--- GIVEN DATA Enclosed Below ---

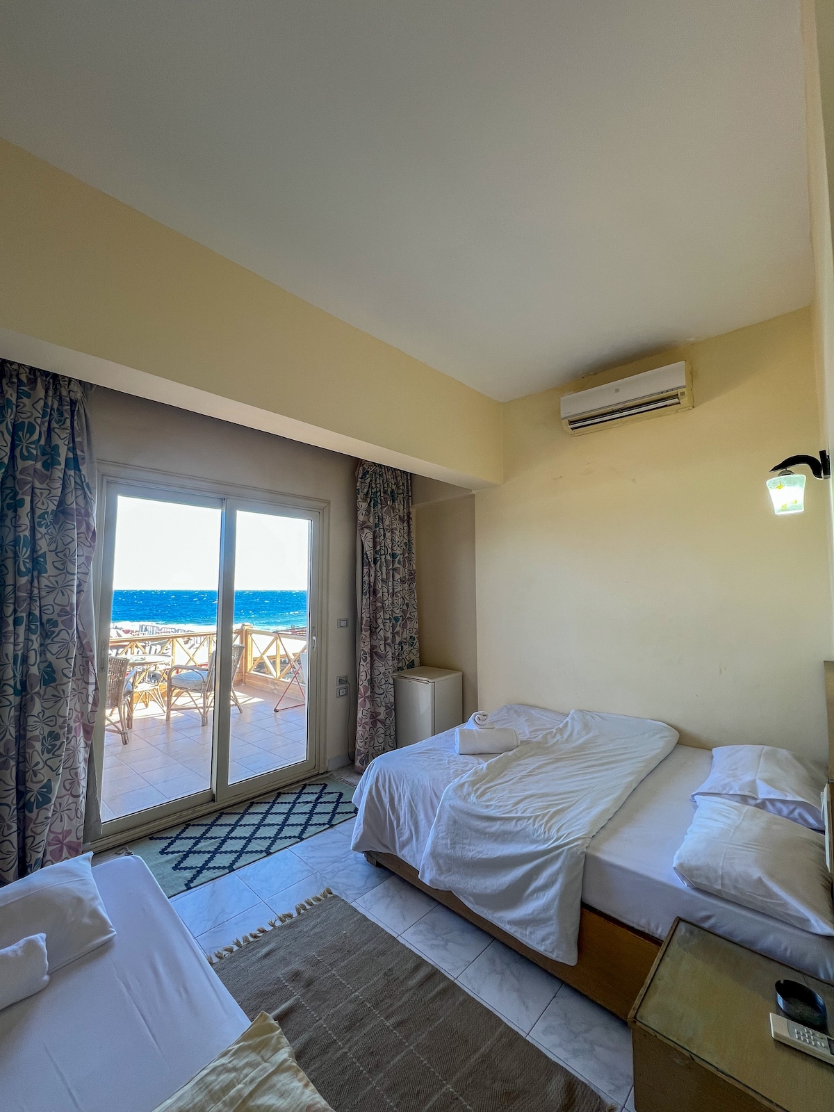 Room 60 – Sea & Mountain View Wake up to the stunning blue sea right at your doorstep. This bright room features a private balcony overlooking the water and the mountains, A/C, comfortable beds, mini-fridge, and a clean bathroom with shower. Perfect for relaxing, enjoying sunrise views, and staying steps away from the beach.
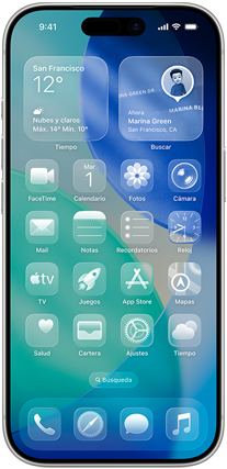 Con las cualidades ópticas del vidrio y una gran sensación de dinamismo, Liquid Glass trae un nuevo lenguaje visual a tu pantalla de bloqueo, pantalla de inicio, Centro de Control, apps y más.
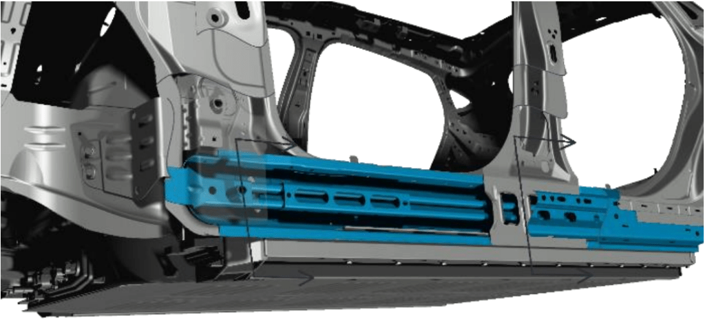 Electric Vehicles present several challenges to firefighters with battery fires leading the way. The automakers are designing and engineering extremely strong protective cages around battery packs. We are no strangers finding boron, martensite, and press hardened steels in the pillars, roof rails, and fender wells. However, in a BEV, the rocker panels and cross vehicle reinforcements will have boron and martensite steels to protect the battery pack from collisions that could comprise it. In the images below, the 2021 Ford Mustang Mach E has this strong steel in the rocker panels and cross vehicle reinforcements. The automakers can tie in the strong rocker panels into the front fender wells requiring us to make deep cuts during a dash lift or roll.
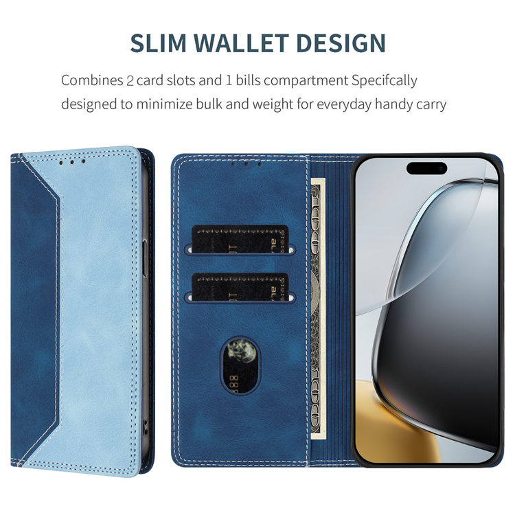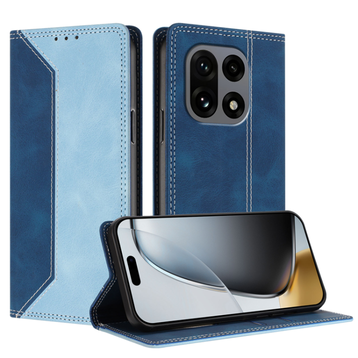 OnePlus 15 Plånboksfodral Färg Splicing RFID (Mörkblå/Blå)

--- End of Enclosed GIVEN DATA ---

*AIM OF THE EXERCISE:*
Quote the material exactly. Pictures stay out.

*EXERCISE RESULT:*
 Room 60 – Sea & Mountain View Wake up to the stunning blue sea right at your doorstep. This bright room features a private balcony overlooking the water and the mountains, A/C, comfortable beds, mini-fridge, and a clean bathroom with shower. Perfect for relaxing, enjoying sunrise views, and staying steps away from the beach.
 Con las cualidades ópticas del vidrio y una gran sensación de dinamismo, Liquid Glass trae un nuevo lenguaje visual a tu pantalla de bloqueo, pantalla de inicio, Centro de Control, apps y más.
 Electric Vehicles present several challenges to firefighters with battery fires leading the way. The automakers are designing and engineering extremely strong protective cages around battery packs. We are no strangers finding boron, martensite, and press hardened steels in the pillars, roof rails, and fender wells. However, in a BEV, the rocker panels and cross vehicle reinforcements will have boron and martensite steels to protect the battery pack from collisions that could comprise it. In the images below, the 2021 Ford Mustang Mach E has this strong steel in the rocker panels and cross vehicle reinforcements. The automakers can tie in the strong rocker panels into the front fender wells requiring us to make deep cuts during a dash lift or roll.
 OnePlus 15 Plånboksfodral Färg Splicing RFID (Mörkblå/Blå)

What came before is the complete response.